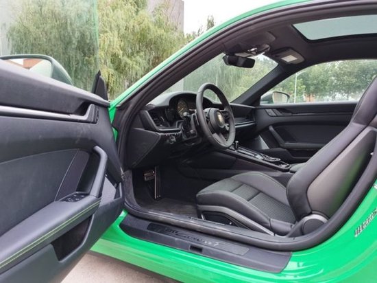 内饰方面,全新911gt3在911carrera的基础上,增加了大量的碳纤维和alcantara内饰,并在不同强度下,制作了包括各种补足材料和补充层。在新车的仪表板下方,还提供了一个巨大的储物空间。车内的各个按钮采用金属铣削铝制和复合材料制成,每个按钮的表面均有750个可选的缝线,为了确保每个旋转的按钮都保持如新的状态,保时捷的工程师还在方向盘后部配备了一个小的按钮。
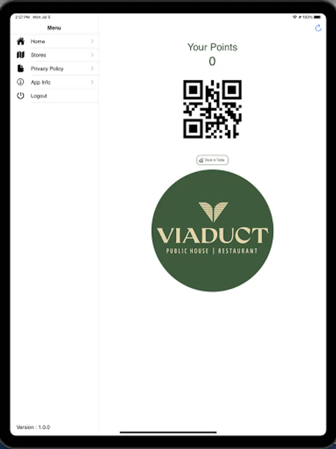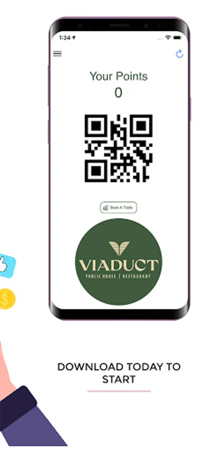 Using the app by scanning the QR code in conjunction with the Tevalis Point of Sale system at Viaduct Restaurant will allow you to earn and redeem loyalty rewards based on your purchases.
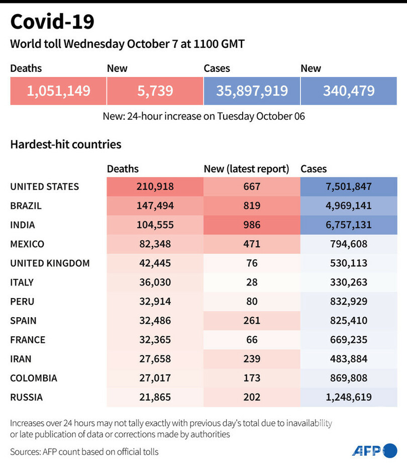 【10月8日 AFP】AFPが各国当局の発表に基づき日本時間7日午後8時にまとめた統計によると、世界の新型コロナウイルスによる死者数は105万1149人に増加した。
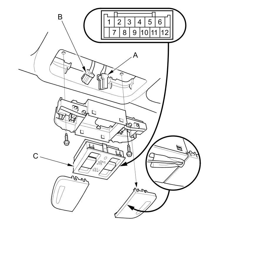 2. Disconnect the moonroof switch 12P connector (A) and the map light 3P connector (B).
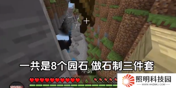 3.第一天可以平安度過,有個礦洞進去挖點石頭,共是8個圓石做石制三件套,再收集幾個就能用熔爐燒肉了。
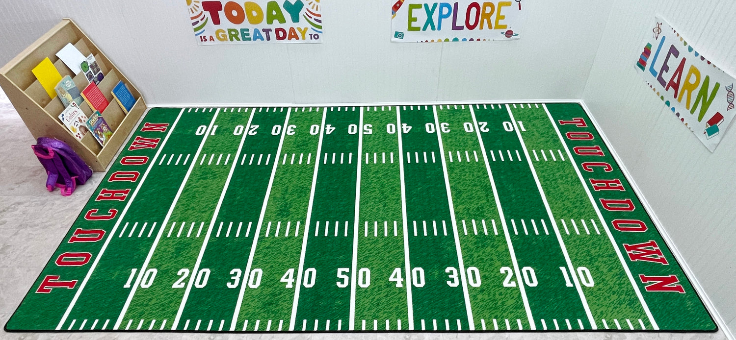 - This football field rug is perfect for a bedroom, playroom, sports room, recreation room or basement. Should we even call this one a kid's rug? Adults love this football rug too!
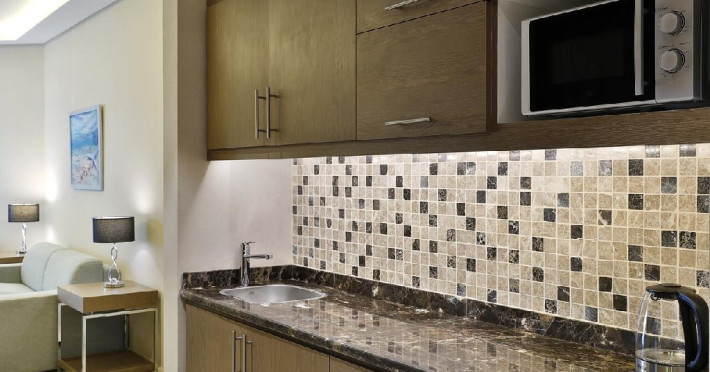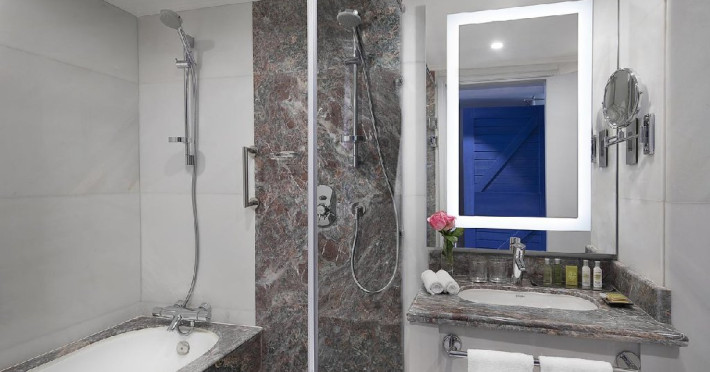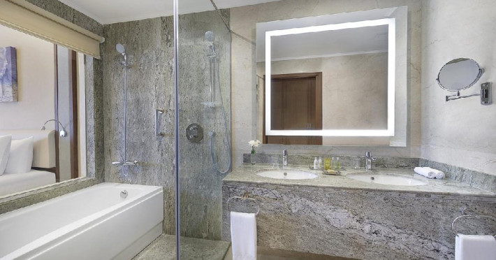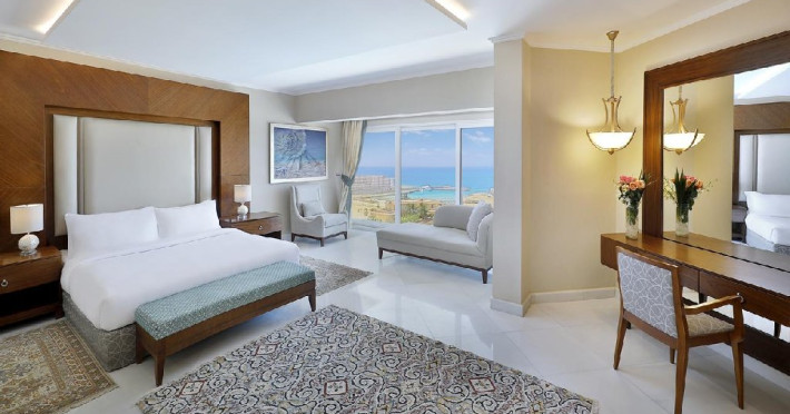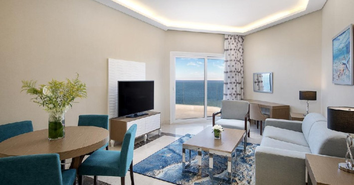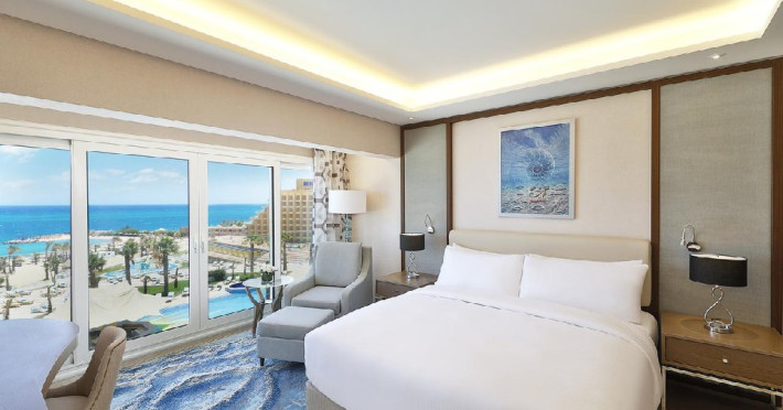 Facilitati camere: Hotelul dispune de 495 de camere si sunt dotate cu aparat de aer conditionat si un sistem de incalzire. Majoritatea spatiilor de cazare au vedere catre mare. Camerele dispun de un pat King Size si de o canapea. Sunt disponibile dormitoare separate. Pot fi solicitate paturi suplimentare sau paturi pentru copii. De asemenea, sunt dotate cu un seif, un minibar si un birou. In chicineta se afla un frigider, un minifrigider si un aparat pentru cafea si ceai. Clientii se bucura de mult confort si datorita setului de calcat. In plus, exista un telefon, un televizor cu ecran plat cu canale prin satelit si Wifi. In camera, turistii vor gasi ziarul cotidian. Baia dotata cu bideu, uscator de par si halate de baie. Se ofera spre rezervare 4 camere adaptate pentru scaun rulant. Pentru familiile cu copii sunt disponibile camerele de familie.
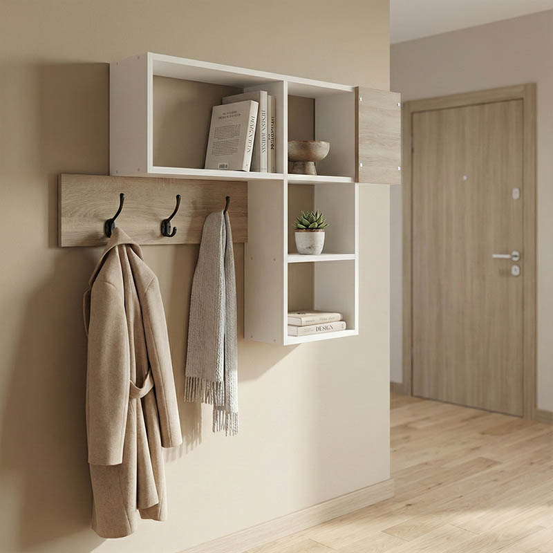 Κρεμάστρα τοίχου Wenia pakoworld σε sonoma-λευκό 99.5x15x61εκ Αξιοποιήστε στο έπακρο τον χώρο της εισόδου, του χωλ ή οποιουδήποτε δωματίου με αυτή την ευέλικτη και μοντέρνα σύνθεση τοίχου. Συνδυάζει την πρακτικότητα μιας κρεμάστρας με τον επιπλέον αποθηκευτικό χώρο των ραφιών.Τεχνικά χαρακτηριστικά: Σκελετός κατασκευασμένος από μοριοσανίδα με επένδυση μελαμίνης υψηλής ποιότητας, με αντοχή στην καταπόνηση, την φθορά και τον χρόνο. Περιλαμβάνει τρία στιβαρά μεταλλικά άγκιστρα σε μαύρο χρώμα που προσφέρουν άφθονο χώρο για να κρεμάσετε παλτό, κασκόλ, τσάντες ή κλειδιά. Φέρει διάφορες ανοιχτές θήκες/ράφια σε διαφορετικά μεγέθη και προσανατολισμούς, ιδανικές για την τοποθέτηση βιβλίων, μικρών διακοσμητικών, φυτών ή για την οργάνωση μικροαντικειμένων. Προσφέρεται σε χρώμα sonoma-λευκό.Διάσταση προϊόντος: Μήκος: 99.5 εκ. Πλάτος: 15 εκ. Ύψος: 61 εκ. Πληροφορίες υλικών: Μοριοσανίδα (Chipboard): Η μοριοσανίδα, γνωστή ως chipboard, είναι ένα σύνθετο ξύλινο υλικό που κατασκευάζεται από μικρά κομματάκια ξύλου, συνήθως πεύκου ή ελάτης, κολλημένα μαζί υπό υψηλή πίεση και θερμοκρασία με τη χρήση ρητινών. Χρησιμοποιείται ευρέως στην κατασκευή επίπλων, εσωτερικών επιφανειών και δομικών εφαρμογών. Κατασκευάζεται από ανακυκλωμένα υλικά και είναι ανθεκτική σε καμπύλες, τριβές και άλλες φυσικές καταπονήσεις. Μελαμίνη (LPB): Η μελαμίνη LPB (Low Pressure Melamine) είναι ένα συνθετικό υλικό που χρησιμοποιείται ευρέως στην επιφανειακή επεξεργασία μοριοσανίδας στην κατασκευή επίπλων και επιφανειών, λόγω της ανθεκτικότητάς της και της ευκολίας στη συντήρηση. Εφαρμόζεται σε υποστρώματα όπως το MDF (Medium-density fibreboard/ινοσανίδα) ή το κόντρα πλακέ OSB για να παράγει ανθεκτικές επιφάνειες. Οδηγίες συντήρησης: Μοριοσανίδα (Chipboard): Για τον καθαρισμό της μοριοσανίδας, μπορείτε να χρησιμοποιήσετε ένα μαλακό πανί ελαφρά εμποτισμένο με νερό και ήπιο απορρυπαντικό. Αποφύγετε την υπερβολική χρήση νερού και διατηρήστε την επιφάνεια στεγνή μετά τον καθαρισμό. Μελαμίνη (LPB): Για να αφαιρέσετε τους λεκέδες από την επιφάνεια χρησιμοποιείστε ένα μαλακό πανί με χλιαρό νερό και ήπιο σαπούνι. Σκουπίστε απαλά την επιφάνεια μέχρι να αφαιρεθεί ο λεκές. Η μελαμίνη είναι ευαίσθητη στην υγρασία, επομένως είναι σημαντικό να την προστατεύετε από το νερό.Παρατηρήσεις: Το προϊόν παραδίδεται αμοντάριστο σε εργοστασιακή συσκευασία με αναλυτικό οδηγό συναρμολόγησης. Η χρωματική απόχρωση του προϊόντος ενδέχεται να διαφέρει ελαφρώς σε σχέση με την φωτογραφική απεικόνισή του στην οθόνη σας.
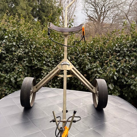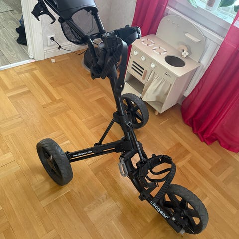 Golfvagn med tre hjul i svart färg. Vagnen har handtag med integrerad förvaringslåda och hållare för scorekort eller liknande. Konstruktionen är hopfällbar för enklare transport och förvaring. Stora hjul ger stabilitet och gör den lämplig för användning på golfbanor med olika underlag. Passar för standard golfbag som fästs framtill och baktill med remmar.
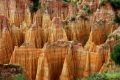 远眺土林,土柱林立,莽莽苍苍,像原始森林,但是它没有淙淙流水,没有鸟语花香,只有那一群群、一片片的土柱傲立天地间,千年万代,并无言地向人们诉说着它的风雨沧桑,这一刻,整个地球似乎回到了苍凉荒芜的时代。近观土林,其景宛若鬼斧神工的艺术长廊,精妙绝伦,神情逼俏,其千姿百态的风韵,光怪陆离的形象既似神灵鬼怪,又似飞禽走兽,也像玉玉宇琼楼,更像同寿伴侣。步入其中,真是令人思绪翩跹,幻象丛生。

### [The task]
Retype all the entries word for word; the pictures stay out.

### [Response box]
 内饰方面,全新911gt3在911carrera的基础上,增加了大量的碳纤维和alcantara内饰,并在不同强度下,制作了包括各种补足材料和补充层。在新车的仪表板下方,还提供了一个巨大的储物空间。车内的各个按钮采用金属铣削铝制和复合材料制成,每个按钮的表面均有750个可选的缝线,为了确保每个旋转的按钮都保持如新的状态,保时捷的工程师还在方向盘后部配备了一个小的按钮。
 Using the app by scanning the QR code in conjunction with the Tevalis Point of Sale system at Viaduct Restaurant will allow you to earn and redeem loyalty rewards based on your purchases.
 【10月8日 AFP】AFPが各国当局の発表に基づき日本時間7日午後8時にまとめた統計によると、世界の新型コロナウイルスによる死者数は105万1149人に増加した。
 2. Disconnect the moonroof switch 12P connector (A) and the map light 3P connector (B).
 3.第一天可以平安度過,有個礦洞進去挖點石頭,共是8個圓石做石制三件套,再收集幾個就能用熔爐燒肉了。
 - This football field rug is perfect for a bedroom, playroom, sports room, recreation room or basement. Should we even call this one a kid's rug? Adults love this football rug too!
 Facilitati camere: Hotelul dispune de 495 de camere si sunt dotate cu aparat de aer conditionat si un sistem de incalzire. Majoritatea spatiilor de cazare au vedere catre mare. Camerele dispun de un pat King Size si de o canapea. Sunt disponibile dormitoare separate. Pot fi solicitate paturi suplimentare sau paturi pentru copii. De asemenea, sunt dotate cu un seif, un minibar si un birou. In chicineta se afla un frigider, un minifrigider si un aparat pentru cafea si ceai. Clientii se bucura de mult confort si datorita setului de calcat. In plus, exista un telefon, un televizor cu ecran plat cu canale prin satelit si Wifi. In camera, turistii vor gasi ziarul cotidian. Baia dotata cu bideu, uscator de par si halate de baie. Se ofera spre rezervare 4 camere adaptate pentru scaun rulant. Pentru familiile cu copii sunt disponibile camerele de familie.
 Κρεμάστρα τοίχου Wenia pakoworld σε sonoma-λευκό 99.5x15x61εκ Αξιοποιήστε στο έπακρο τον χώρο της εισόδου, του χωλ ή οποιουδήποτε δωματίου με αυτή την ευέλικτη και μοντέρνα σύνθεση τοίχου. Συνδυάζει την πρακτικότητα μιας κρεμάστρας με τον επιπλέον αποθηκευτικό χώρο των ραφιών.Τεχνικά χαρακτηριστικά: Σκελετός κατασκευασμένος από μοριοσανίδα με επένδυση μελαμίνης υψηλής ποιότητας, με αντοχή στην καταπόνηση, την φθορά και τον χρόνο. Περιλαμβάνει τρία στιβαρά μεταλλικά άγκιστρα σε μαύρο χρώμα που προσφέρουν άφθονο χώρο για να κρεμάσετε παλτό, κασκόλ, τσάντες ή κλειδιά. Φέρει διάφορες ανοιχτές θήκες/ράφια σε διαφορετικά μεγέθη και προσανατολισμούς, ιδανικές για την τοποθέτηση βιβλίων, μικρών διακοσμητικών, φυτών ή για την οργάνωση μικροαντικειμένων. Προσφέρεται σε χρώμα sonoma-λευκό.Διάσταση προϊόντος: Μήκος: 99.5 εκ. Πλάτος: 15 εκ. Ύψος: 61 εκ. Πληροφορίες υλικών: Μοριοσανίδα (Chipboard): Η μοριοσανίδα, γνωστή ως chipboard, είναι ένα σύνθετο ξύλινο υλικό που κατασκευάζεται από μικρά κομματάκια ξύλου, συνήθως πεύκου ή ελάτης, κολλημένα μαζί υπό υψηλή πίεση και θερμοκρασία με τη χρήση ρητινών. Χρησιμοποιείται ευρέως στην κατασκευή επίπλων, εσωτερικών επιφανειών και δομικών εφαρμογών. Κατασκευάζεται από ανακυκλωμένα υλικά και είναι ανθεκτική σε καμπύλες, τριβές και άλλες φυσικές καταπονήσεις. Μελαμίνη (LPB): Η μελαμίνη LPB (Low Pressure Melamine) είναι ένα συνθετικό υλικό που χρησιμοποιείται ευρέως στην επιφανειακή επεξεργασία μοριοσανίδας στην κατασκευή επίπλων και επιφανειών, λόγω της ανθεκτικότητάς της και της ευκολίας στη συντήρηση. Εφαρμόζεται σε υποστρώματα όπως το MDF (Medium-density fibreboard/ινοσανίδα) ή το κόντρα πλακέ OSB για να παράγει ανθεκτικές επιφάνειες. Οδηγίες συντήρησης: Μοριοσανίδα (Chipboard): Για τον καθαρισμό της μοριοσανίδας, μπορείτε να χρησιμοποιήσετε ένα μαλακό πανί ελαφρά εμποτισμένο με νερό και ήπιο απορρυπαντικό. Αποφύγετε την υπερβολική χρήση νερού και διατηρήστε την επιφάνεια στεγνή μετά τον καθαρισμό. Μελαμίνη (LPB): Για να αφαιρέσετε τους λεκέδες από την επιφάνεια χρησιμοποιείστε ένα μαλακό πανί με χλιαρό νερό και ήπιο σαπούνι. Σκουπίστε απαλά την επιφάνεια μέχρι να αφαιρεθεί ο λεκές. Η μελαμίνη είναι ευαίσθητη στην υγρασία, επομένως είναι σημαντικό να την προστατεύετε από το νερό.Παρατηρήσεις: Το προϊόν παραδίδεται αμοντάριστο σε εργοστασιακή συσκευασία με αναλυτικό οδηγό συναρμολόγησης. Η χρωματική απόχρωση του προϊόντος ενδέχεται να διαφέρει ελαφρώς σε σχέση με την φωτογραφική απεικόνισή του στην οθόνη σας.
 Golfvagn med tre hjul i svart färg. Vagnen har handtag med integrerad förvaringslåda och hållare för scorekort eller liknande. Konstruktionen är hopfällbar för enklare transport och förvaring. Stora hjul ger stabilitet och gör den lämplig för användning på golfbanor med olika underlag. Passar för standard golfbag som fästs framtill och baktill med remmar.
 远眺土林,土柱林立,莽莽苍苍,像原始森林,但是它没有淙淙流水,没有鸟语花香,只有那一群群、一片片的土柱傲立天地间,千年万代,并无言地向人们诉说着它的风雨沧桑,这一刻,整个地球似乎回到了苍凉荒芜的时代。近观土林,其景宛若鬼斧神工的艺术长廊,精妙绝伦,神情逼俏,其千姿百态的风韵,光怪陆离的形象既似神灵鬼怪,又似飞禽走兽,也像玉玉宇琼楼,更像同寿伴侣。步入其中,真是令人思绪翩跹,幻象丛生。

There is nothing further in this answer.